New carrier bundles found inside iPhone software 1.1.4 suggest that O2 will be the device’s carrier in Ireland, and provide confrmation of support for T-Mobile Austria. Macity, which previously found evidence of Italian carrier TIM in iPhone software 1.1.3, reports that new bundles [Translated Link], named “O2_ie.bundle” and “TMobile_at.bundle” are present in the Carrier Bundles folder of the new software. Earlier this month, T-Mobile chief executive Hamid Akhavan said that the company would begin offering the iPhone in Austria in the first half of 2008, making the discovery of its bundle more of a confirmation than a revelation; we’ve previously heard little about a potential carrier for the device in Ireland. Macity suggests that the appearance of these bundles, coupled with Akhavan’s statement that the iPhone would arrive in Austria in the first half of this year, might mean a similar roll-out schedule for the device in Italy and Ireland.
Apple has released software version 1.1.4 for the iPhone and iPod touch.

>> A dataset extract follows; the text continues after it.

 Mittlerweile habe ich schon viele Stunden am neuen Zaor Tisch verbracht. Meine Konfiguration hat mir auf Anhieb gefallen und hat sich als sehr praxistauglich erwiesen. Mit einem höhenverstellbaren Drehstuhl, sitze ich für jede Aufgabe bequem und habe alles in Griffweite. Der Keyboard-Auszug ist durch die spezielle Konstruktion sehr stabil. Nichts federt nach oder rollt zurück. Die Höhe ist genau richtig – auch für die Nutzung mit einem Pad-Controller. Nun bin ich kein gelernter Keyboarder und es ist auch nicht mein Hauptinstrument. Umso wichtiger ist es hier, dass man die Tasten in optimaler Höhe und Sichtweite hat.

According to Apple, the update “includes bug fixes and supersedes all previous versions.” It is currently unclear whether any new features have been added with the update; however, with Apple scheduled to release the iPhone and iPod touch software development kit (SDK) this week, it is possible that this update could be a precursor to that release. iPhone and iPod touch software version 1.1.4 is available now through the update feature in iTunes.

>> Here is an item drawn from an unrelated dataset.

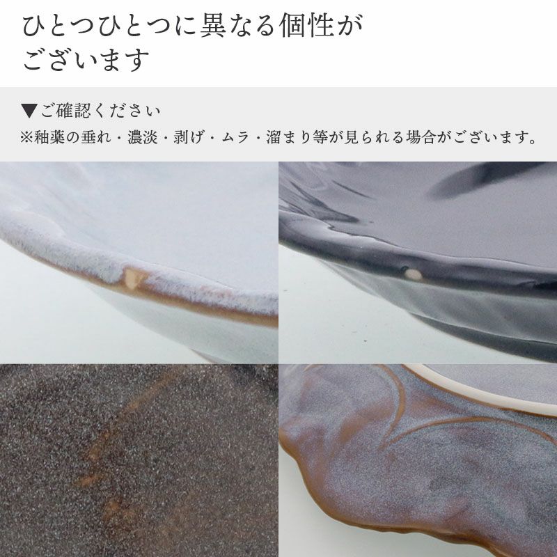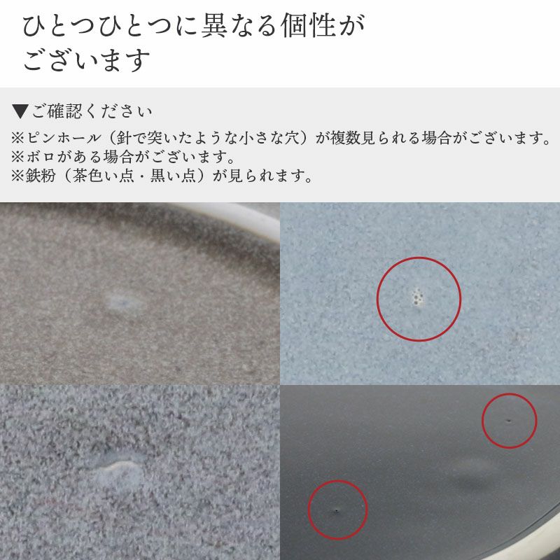 | 注意事項 | ※サイズは全て外寸になります。 ※サイズ・重さなどは商品により誤差があります。 ご注意 ※ピンホール(針で突いたような小さな穴)が複数見られる場合がございます。 ※ボロがある場合がございます。 ※鉄粉(茶色い点・黒い点)が見られます。 ※釉薬の垂れ・濃淡・剥げ・ムラ・溜まり等が見られる場合がございます。 ※窯変(ようへん)の色味は、焼成毎に色味が異なる場合がございます。食器の風合いとして色味の違いをお楽しみください。 ※お客様のお使いのモニター設定、お部屋の照明等により実際の商品と色味が異なって見える場合がございます。 ※画像に含まれる小物は使用イメージのために使用しています。 ※不明な点がございましたら、お気軽にお問い合わせ下さい。 |
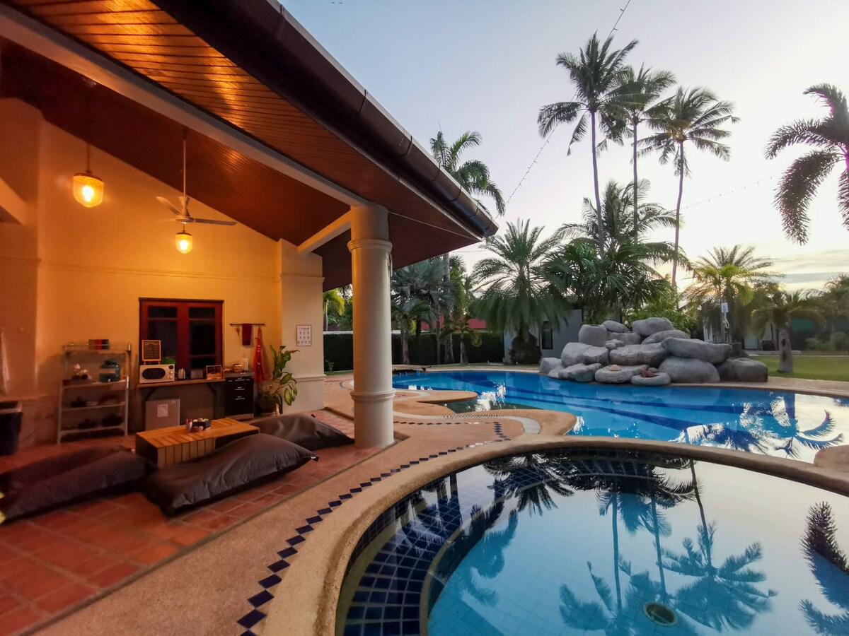 Bienvenue à The Tropical Hideaway, un bungalow élégant de taille moyenne sur une propriété fermée avec deux autres bungalows et une villa principale. La piscine et le jardin sont partagés. À l'intérieur, vous trouverez un salon confortable avec de la lumière naturelle et une décoration d'inspiration thaïlandaise, une kitchenette, une chambre spacieuse avec un éclairage doux et une salle de bain avec un bain à remous. Profitez de votre terrasse en bois privée avec chaises longues, idéale pour prendre votre café du matin ou un verre au coucher du soleil. Idéal pour les couples, les voyageurs en solo ou les nomades numériques en quête de paix.

According to a new report, Apple’s release of the Software Development Kit for the iPhone and iPod touch will be delayed. Citing an unnamed source, BusinessWeek reports that the SDK, scheduled for release by the end of February, will be delayed anywhere “from one to three weeks.” The report also notes that the situation is “fluid,” and that “a lot of last-minute decisions are close to being made about what precisely will or will not be disclosed” this week. After months of anticipation, Apple CEO Steve Jobs in October announced the company’s intentions to release the SDK, which allows third-party developers to write native applications for the devices, in February.

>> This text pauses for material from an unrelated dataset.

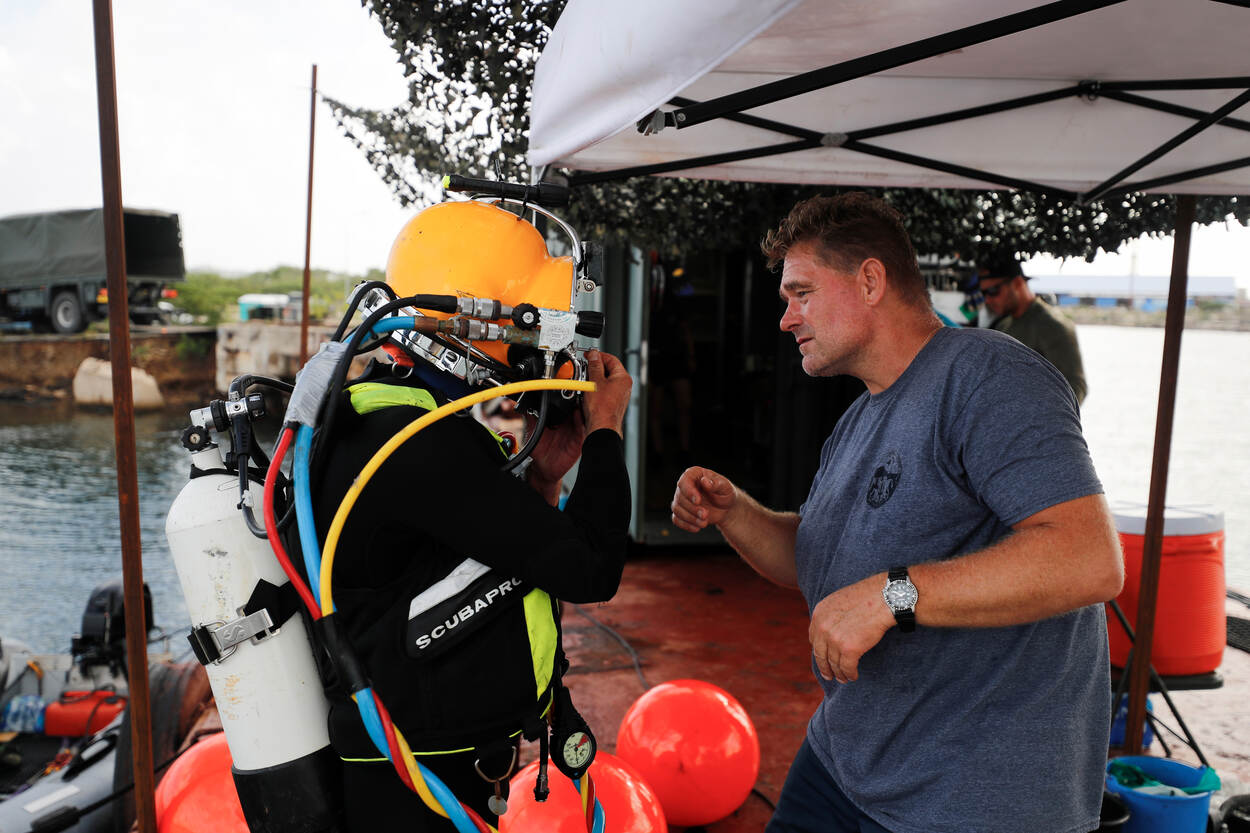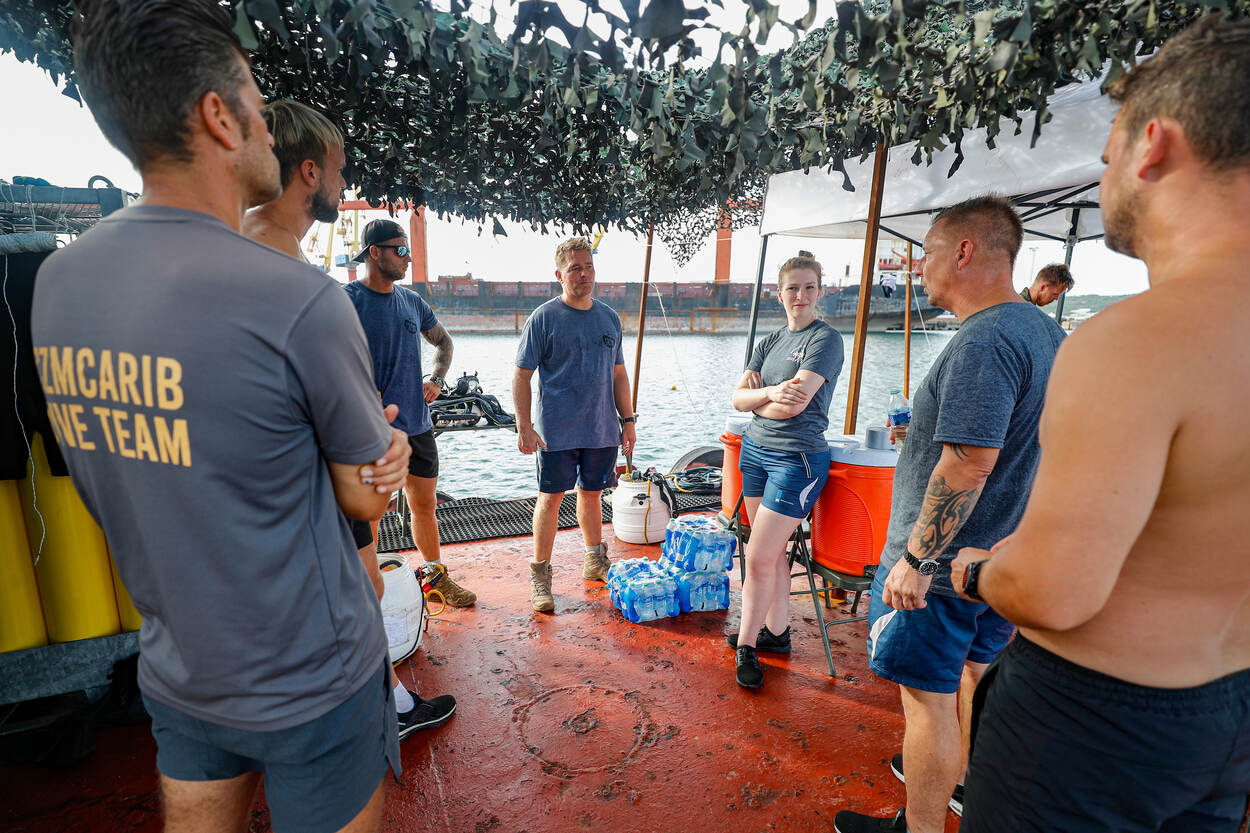 “Mijn idee was om de Divex voor ons team een keer anders in te vullen. Normaal gesproken wordt er een oude container in de haven afgezonken en gaan we aan de slag om die boven te halen. Maar dat wordt op een gegeven moment routine. Ik wilde iets bieden met een grote meerwaarde. Voor de deelnemers én voor het eiland”, legt teamleider Salvage (berging) bootsman (sergeant) Stef Schrage de achterliggende gedachte van de klus én oefening uit.

A new iPhone program, developed by Erica Sadun, offers LoJack-like tracking of the device via Twitter. The installation steps required for the program to function are somewhat advanced, and require a jailbroken iPhone and a Twitter account. Basically, the program uses the iPhone’s Maps program to triangulate its position, and then turns these coordinates into a Google Maps URL, which is then processed by tinyURL, and posted in a Twitter message. The program itself is now available as a free download.
The BBC has announced that its iPlayer service will soon be available on the iPhone and iPod touch. The Guardian reports that the BBC said that iPhone and iPod touch owners would be able to access iPlayer content “within the next few weeks,” which will the first time the service has been available beyond PC and Mac computers. It is unknown whether access will handled via a web application, or if viewing will be made possible through an installable application, which would be available following the release of the iPhone/iPod touch SDK.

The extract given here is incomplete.